Por outro lado, e sabendo nós que estes episódios fatais acontecem mesmo em atletas muito bem estudados e em estruturas desportivas bem organizadas e escrutinadas, existe uma outra solução clínica e tecnológica que evita, a posteriori, que o desenlace de um desses episódios se torne numa fatalidade.

Muitas recomendações, regulamentos e normas, frequentemente adotados por inúmeras associações desportivas, determinam que esteja disponível em cada recinto onde se pratique desporto competitivo, ou em locais onde estejam presentes e concentradas muitas pessoas (como shoppings e aeroportos), um aparelho próprio para lidar com arritmias cardíacas (o desfibrilador).

Porquê?

No caso de uma pessoa (atleta ou outra) ter um desmaio súbito e não recuperar imediatamente a consciência, esse desfibrilador (automático), se imediatamente posto em ação (o que se faz, colocando umas placas autocolantes no peito da pessoa), identifica rapidamente o problema arrítmico e aplica um choque elétrico salvador, que regulariza o batimento do coração!

Isto, porque esse aparelho incorpora um microcomputador inteligente, com um algoritmo que lhe permite pensar e agir sem a intervenção humana (para além da sua inicial ativação).

Alem disso, uma pequena equipa de pessoas, com um treino básico de “suporte de vida”, é o suficiente para que se mantenha o atleta vivo,até que o auxilio mais especializado (via 112/INEM) chegue ao local.

É fundamental agir nos primeiro três a cinco minutos. E, nos locais preparados para isso, a atuação é relativamente simples e muito eficaz: salva a vida. A ação efetuada tem grandes probabilidades de recuperar totalmente o funcionamento cardíaco!

Será que os atletlas como o Quintana, Miklós Fehér, Pavão, David Longhurst, Antonio Puerta, Patrick Ekeng-Ekeng e muitos outros, que tinham quase todos uma anomalia não detetada no coração, que lhes terá provocado uma arritmia e um desmaio … será que algum deles estaria vivo se tivesse sido adequadamente tratado nos primeiros minutos? Será que eles teriam sido salvos se o desfibrilador lhes tivesse administrado um choque elétrico em tempo útil?

Não sabemos se isso poderia ter sido assim em muitos casos. Em alguns casos, temos a clara consciência que essa assistência, esse simples tratamento, esteve ausente.
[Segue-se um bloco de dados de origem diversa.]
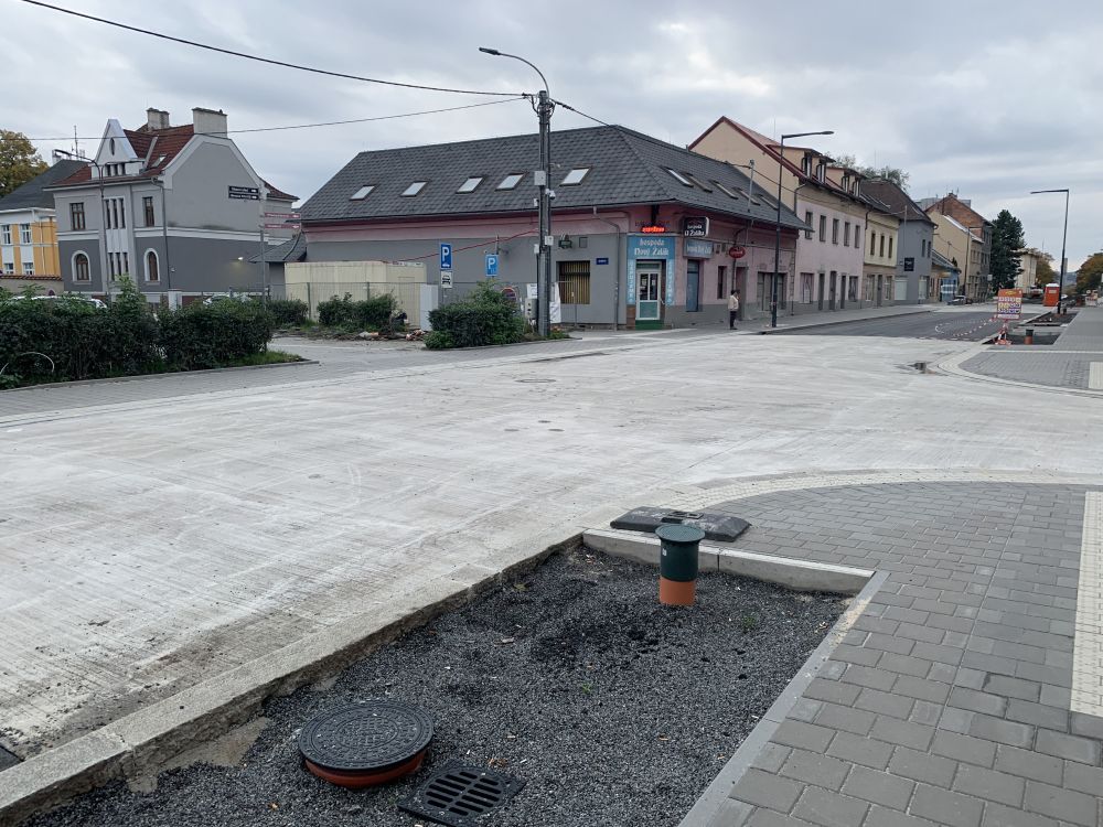Fotografie byly pořízeny 12. října 2025, před vyznačením dopravního značení a výsadbou plánované zeleně.
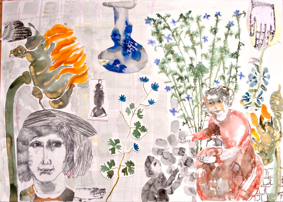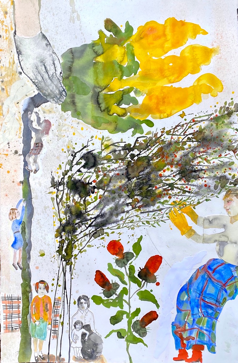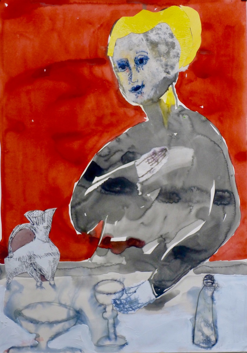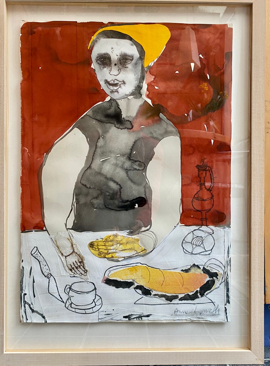 Food, storytelling and myths are at the heart of Anne Lynch’s paintings. Working in watercolour and occasional collage, she defies the traditional parameters of scale and content of her chosen medium. Although tutored by Elizabeth Blackadder, her work is more wild than pretty, nor is she drawn to the romance of landscape. Woodlands may entice her, but as a place to hide, or to protect her. Trees feature in her paintings because she enjoys the dancing silhouettes of maritime pines that spangle the Charantes Maritime coast where she has a home and studio. Dividing her time between UK and France, joie de vivre is a phrase that comes naturally to her.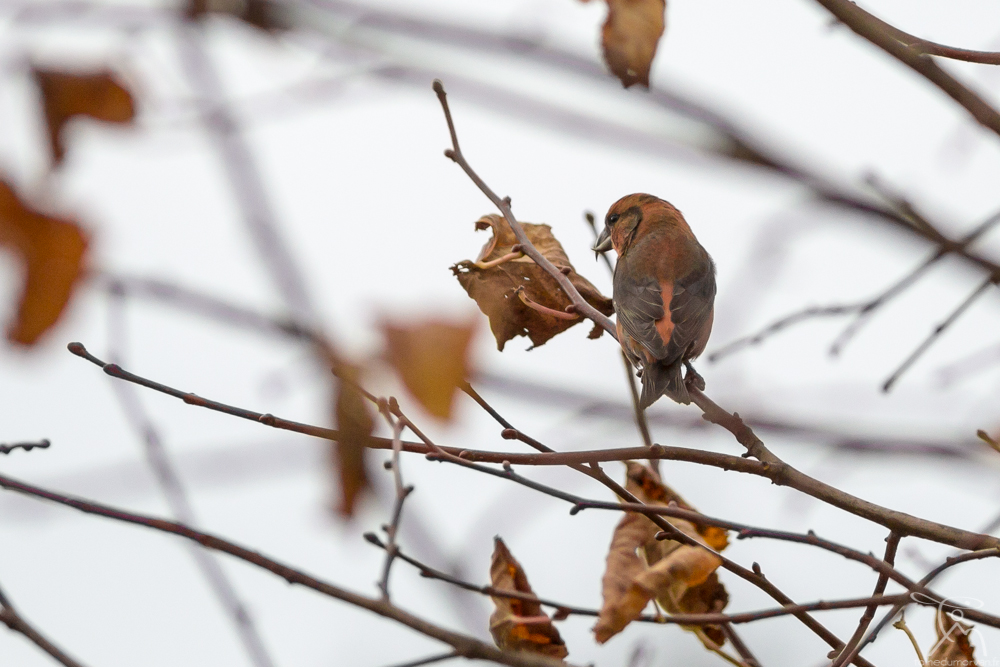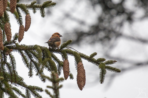 Le Bec-croisé des sapins est un oiseau trapu, à grosse tête et dont le bec vigoureux présente la particularité d’avoir les mandibules croisées, une adaptation à son régime alimentaire. Le mâle arbore un plumage rouge brique à rouge orangé avec des ailes et une queue sombres tandis que la femelle est vert olive à jaunâtre. Les juvéniles sont grisés et leur bec n’est pas encore croisé. Il émet des cris continuels en vol « kipp-kipp-kipp ».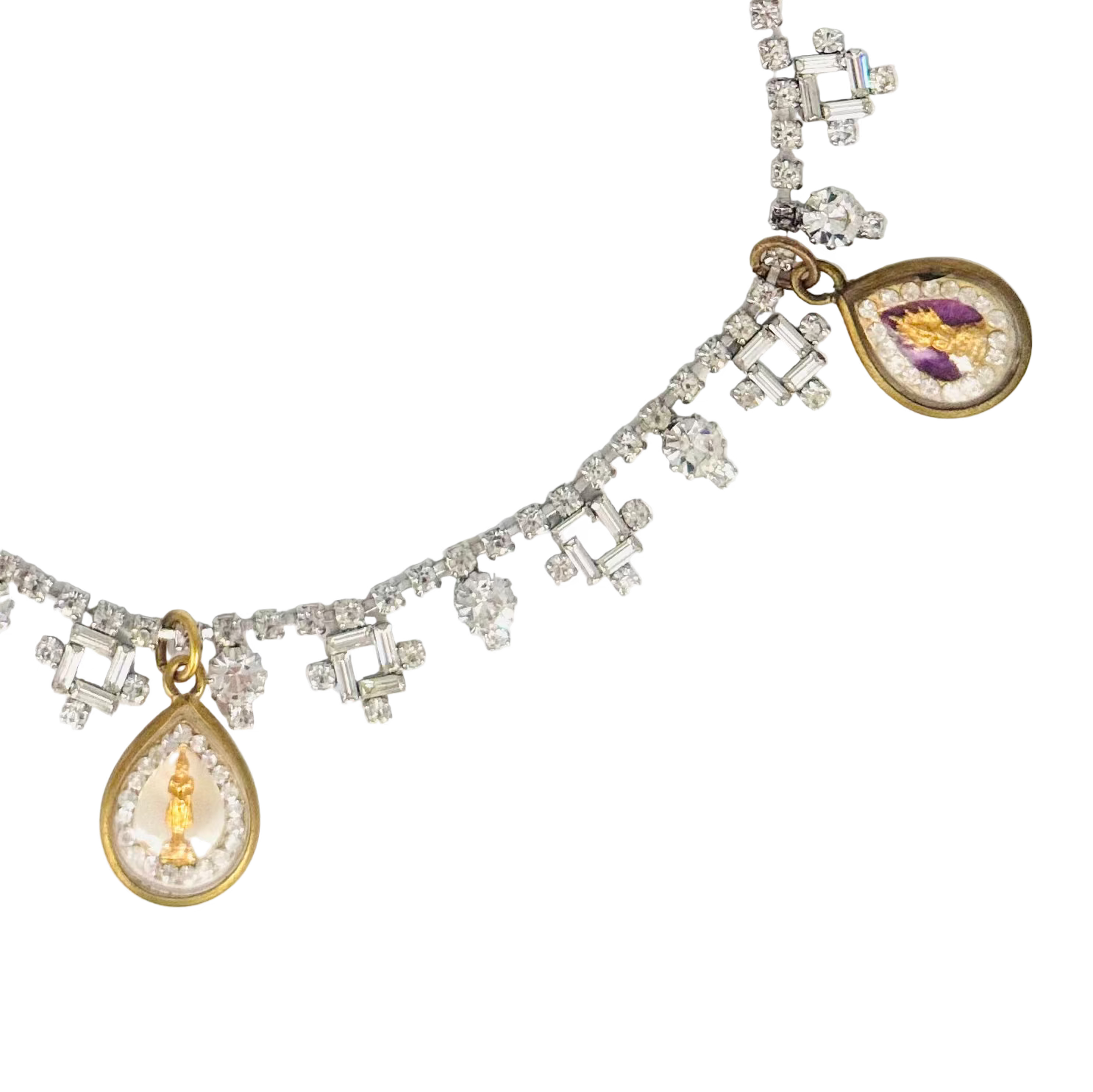 A 1950s vintage diamanté necklace featuring a subtle cross-shaped diamanté detail and five Buddha talismans with coloured backing in green, blue, red, purple, and gold. The Buddha represents qualities such as wisdom, compassion, and inner calm – a reminder to connect to your own centre, to move with clarity and compassion, and to feel supported and protected as you wear it.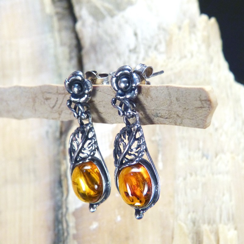 Antiksilberne (925/-) Ohrhänger mit Steckermechanik und echtem Naturbernstein in der Größe von ca. 8x10 mm.

Como o foi no caso de Miklós Fehér. Em 2004, num jogo Benfica-Guimarães, ele cai inanimado em campo. Toda a gente a ver, no estádio e na televisão. Percebeu-se imediatamente (ou eu percebi, porque é a minha especialidade) que ele ia morrer porque ninguém estava a prestar-lhe a correta assistência. Porque não apareceu imediatamente um desfibrilador! Ninguém tinha o equipamento adequado, ali à mão, para lhe poder ser aplicado um choque, eventualmente salvador!  Um desespero, compreender que, em cada segundo que passava, com as pessoas desesperadas a tentarem fazer algo, mas sem saberem muito bem o quê… e cada segundo que passava a vida se esvaía … e ao fim, já era tarde, já não havia retorno. E não estar lá para ajudar, fazer algo simples… Nunca mais se esquece.

Tal como os bombeiros praticam exercícios simulados para estarem aptos a apagarem fogos rapidamente, aqui deve também treinar-se, para se salvarem atletas desta estúpida morte súbita.

E eu pergunto: estará ao nosso alcance fazer mais? Para que os nossos melhores continuem connosco por muito mais tempo.